After every trick in the book failed to increase supply with all 3 babies lactation specialists etc etc. my last lactation specialist diagnosed me with this because she actually took the time to examine my breasts. The previous ones were too shy to ask to feel my boobs I guess. LOL. She was the one that made me realize I had done the best I could and had not failed my children or as a mother. As she said the words " you did all you could" I held my last newborn daughter and wept, thank you for giving me those words. She hugged me and said never let anyone tell you that you did not try. Here is why I could not breast feed. Some women with this, can go on to breast feed but some can not. I was one of the unluck ones. I am posting this from a La Leche Leage web site. This does exist. My breasts did not grow in pregnancy are small and widely spaced. They are some what tubular shaped but not totally. Like it says all women with this present differently and just because a woman likes like her breast are fully formed does not mean they are.
I post this not for debate but for information sake. That person you may or may not judge for giving formula, you perhaps don't know her private pain and struggle to attemp to breast feed.
ETA: This post is NOT to judge those who did not choose breast feeding. If you fed your baby and loved your baby, you did what was right for your family for your reasons. I used to work in CPS and picked up babies who the parents chose not to feed, that will change your outlook. I wished those parents had given their babies formula.......it was sad. So if you feed your baby,love your baby and don't neglect them, you are being a good mom.
Also this is posted for information sake. If you have had these symptoms check with a lactation consultant or doctor. There are ways to help some women.
The unfortunate reality of hypoplasia is that, although it is often easy to recognize in hindsight, the first clue that a mother has insufficient glandular tissue is usually primary lactation failure; her body simply does not produce milk. Even when everything else is in place for a good start to breastfeeding, the milk does not "come in" or is not enough to sustain her baby. The Breastfeeding Answer Book cites a 1999 estimate that 1 in 1000 mothers experience primary lactation failure, which can be due to hypoplasia or other causes.
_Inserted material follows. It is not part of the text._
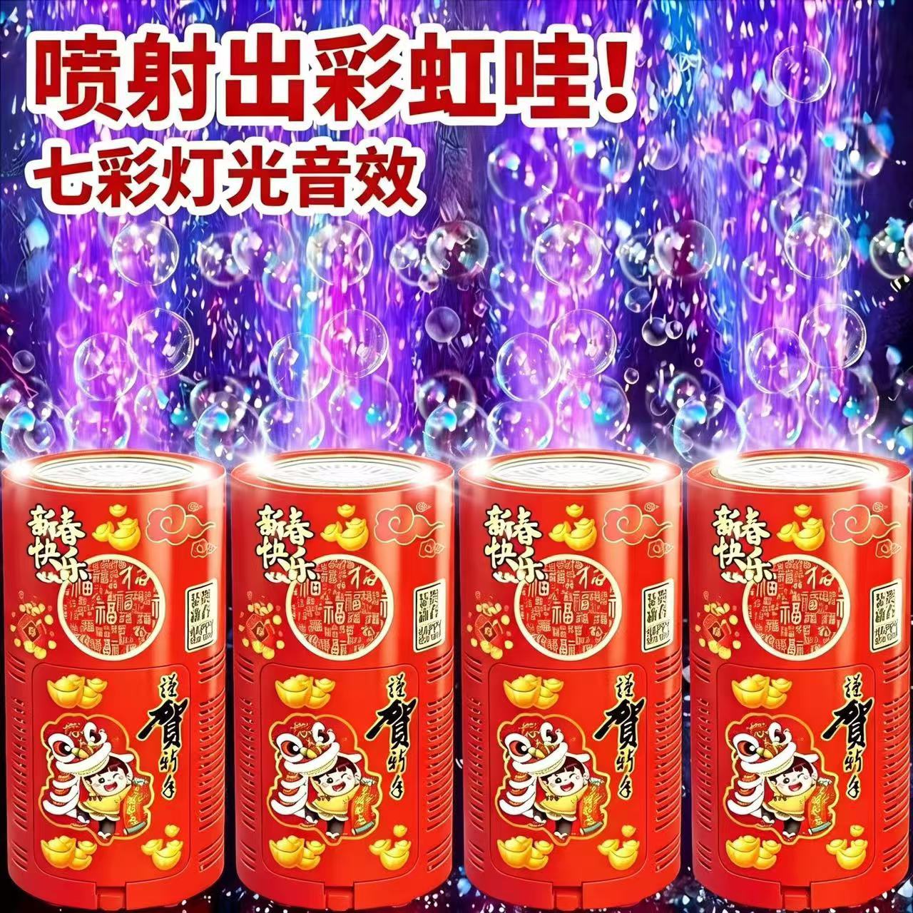 新年烟花泡泡机过年玩具发光音效节日礼花电动吹泡泡新年儿童玩具

However, with an increasing number of mothers becoming pregnant and delivering healthy babies who previously could not, thanks to assisted fertility and hormonal support, more cases of hypoplasia are being encountered. This increase has occurred because many conditions that underlie problems achieving and sustaining a pregnancy coexist with insufficient breast development. Some of these red-flag conditions may give a mother or her health care providers clues to a future lactation failure if they are aware of them early in pregnancy.
What are the visual markers of hypoplastic breasts? In a study of 34 mothers by Kathleen Huggins, et al. (2000), the researchers found a correlation between the following physical characteristics and lower milk output:
- widely spaced breasts (breasts are more than 1.5 inches apart)
- breast asymmetry (one breast is significantly larger than the other)
- presence of stretch marks on the breasts, in absence of breast growth, either during puberty or in pregnancy
- tubular breast shape ("empty sac" appearance)
Additional characteristics that may indicate hypoplasia are:
- disproportionately large or bulbous areolae
- absence of breast changes in pregnancy, postpartum, or both
Hypoplastic breasts may be small or large. It is breast shape, placement, and asymmetry that indicate hypoplasia -- not necessarily size. Normal-sized breasts that are lacking glandular tissue may be made up of fatty tissue that will sufficiently fill a bra cup.
Most of the existing medically documented literature on hypoplasia can be gleaned from the plastic surgery field, since women with hypoplasia, concerned with the appearance of their breasts, may seek surgical augmentation (implants) of their breasts. If these women go on to have babies and attempt to breastfeed them, we may mistakenly assume that the presence of breast implants has caused milk production issues, when in reality the cause is the absence of glandular tissue that preceded the augmentation surgery. If a mother presents with milk production issues and has had breast augmentation surgery, it may be helpful to inquire about the shape of her breasts before she received her implants. She may offer to share "before" photos, which can also provide some insight. An excellent resource for mothers who have breast implants can be found here: http://www.bfar.org/possible-augmentation.php.
Without a lactation expert seeing or palpating a mother's breasts during or before her pregnancy, it can be difficult to assess whether she may have trouble lactating. It is important to note that even mothers who display the above-mentioned physical characteristics of hypoplastic breasts could go on to produce a full milk supply for their babies; the only true indicator of whether a mother will not make enough milk is, unfortunately, insufficient milk despite proper breastfeeding management and breast stimulation in the early days and weeks. Additionally, breasts that look perfectly normal, even breasts that are large or pendulous, cannot be assessed for glandular tissue versus fatty breast tissue by visual measures alone; palpation of the breasts by a qualified and experienced health care professional may reveal more information.